* **Brief**: Omitting all images, give the entries that follow again exactly as they read.

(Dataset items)
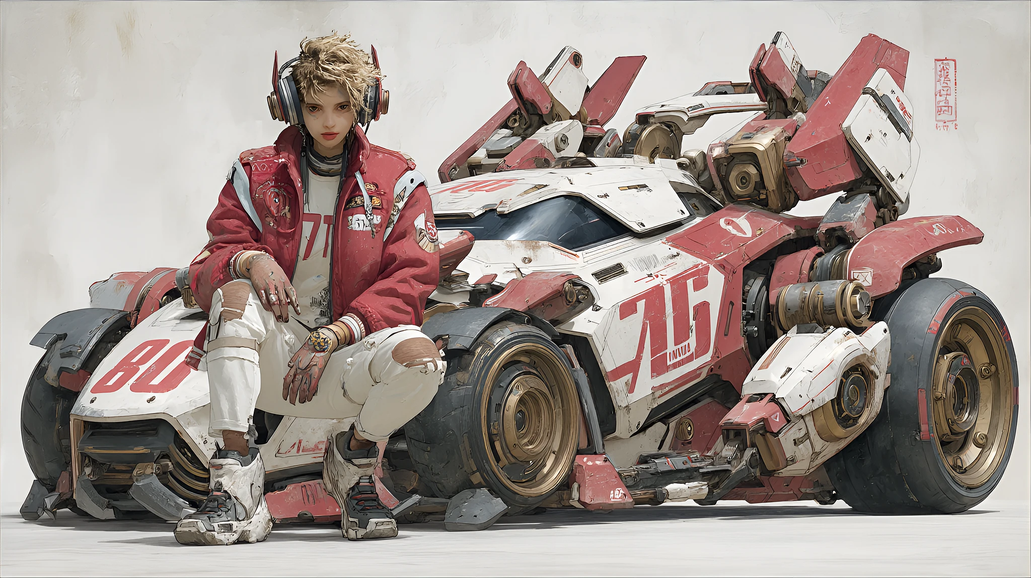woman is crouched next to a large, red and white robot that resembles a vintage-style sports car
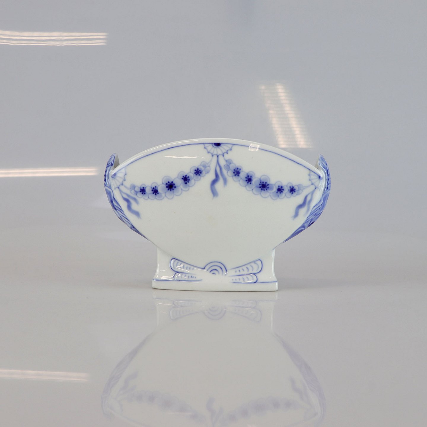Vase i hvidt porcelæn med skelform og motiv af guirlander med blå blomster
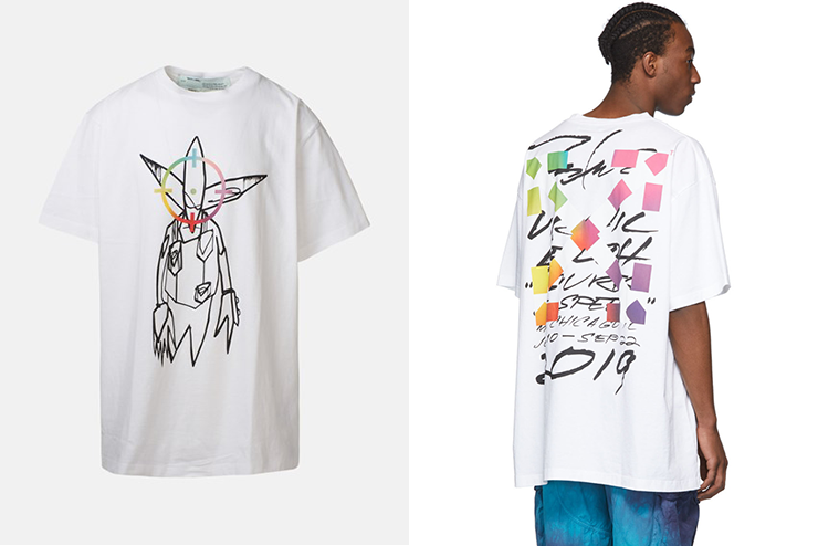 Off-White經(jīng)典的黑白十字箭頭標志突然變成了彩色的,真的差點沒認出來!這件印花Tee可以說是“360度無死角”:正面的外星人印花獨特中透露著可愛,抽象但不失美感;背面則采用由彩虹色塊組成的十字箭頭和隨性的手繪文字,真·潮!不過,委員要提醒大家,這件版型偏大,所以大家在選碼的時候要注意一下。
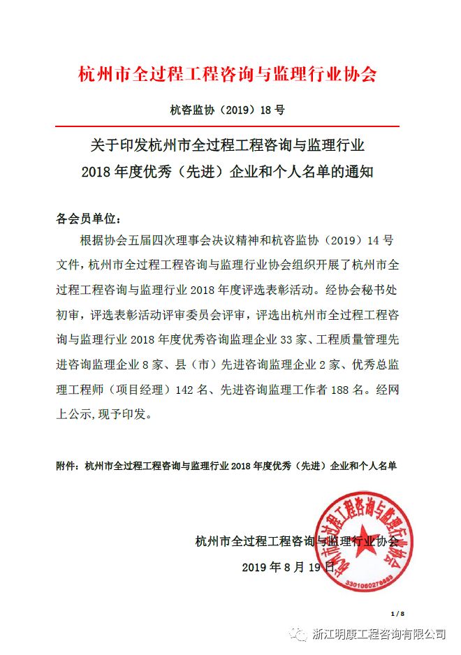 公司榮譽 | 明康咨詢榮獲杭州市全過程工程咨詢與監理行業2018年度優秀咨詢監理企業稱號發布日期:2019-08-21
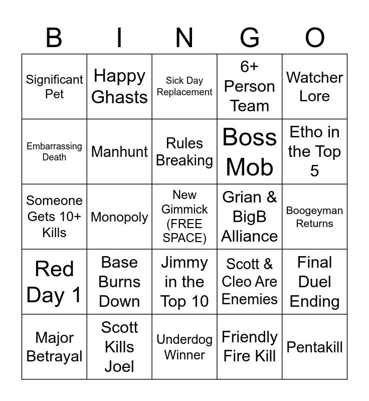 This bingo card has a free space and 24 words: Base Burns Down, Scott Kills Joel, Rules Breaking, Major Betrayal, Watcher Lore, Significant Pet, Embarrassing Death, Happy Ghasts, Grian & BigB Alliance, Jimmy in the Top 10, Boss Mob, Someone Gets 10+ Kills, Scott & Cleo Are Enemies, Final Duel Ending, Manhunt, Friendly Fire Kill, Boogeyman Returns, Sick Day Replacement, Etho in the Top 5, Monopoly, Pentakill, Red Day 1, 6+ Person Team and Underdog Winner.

* **Task response**:
woman is crouched next to a large, red and white robot that resembles a vintage-style sports car
Vase i hvidt porcelæn med skelform og motiv af guirlander med blå blomster
 Off-White經(jīng)典的黑白十字箭頭標志突然變成了彩色的,真的差點沒認出來!這件印花Tee可以說是“360度無死角”:正面的外星人印花獨特中透露著可愛,抽象但不失美感;背面則采用由彩虹色塊組成的十字箭頭和隨性的手繪文字,真·潮!不過,委員要提醒大家,這件版型偏大,所以大家在選碼的時候要注意一下。
 公司榮譽 | 明康咨詢榮獲杭州市全過程工程咨詢與監理行業2018年度優秀咨詢監理企業稱號發布日期:2019-08-21
 This bingo card has a free space and 24 words: Base Burns Down, Scott Kills Joel, Rules Breaking, Major Betrayal, Watcher Lore, Significant Pet, Embarrassing Death, Happy Ghasts, Grian & BigB Alliance, Jimmy in the Top 10, Boss Mob, Someone Gets 10+ Kills, Scott & Cleo Are Enemies, Final Duel Ending, Manhunt, Friendly Fire Kill, Boogeyman Returns, Sick Day Replacement, Etho in the Top 5, Monopoly, Pentakill, Red Day 1, 6+ Person Team and Underdog Winner.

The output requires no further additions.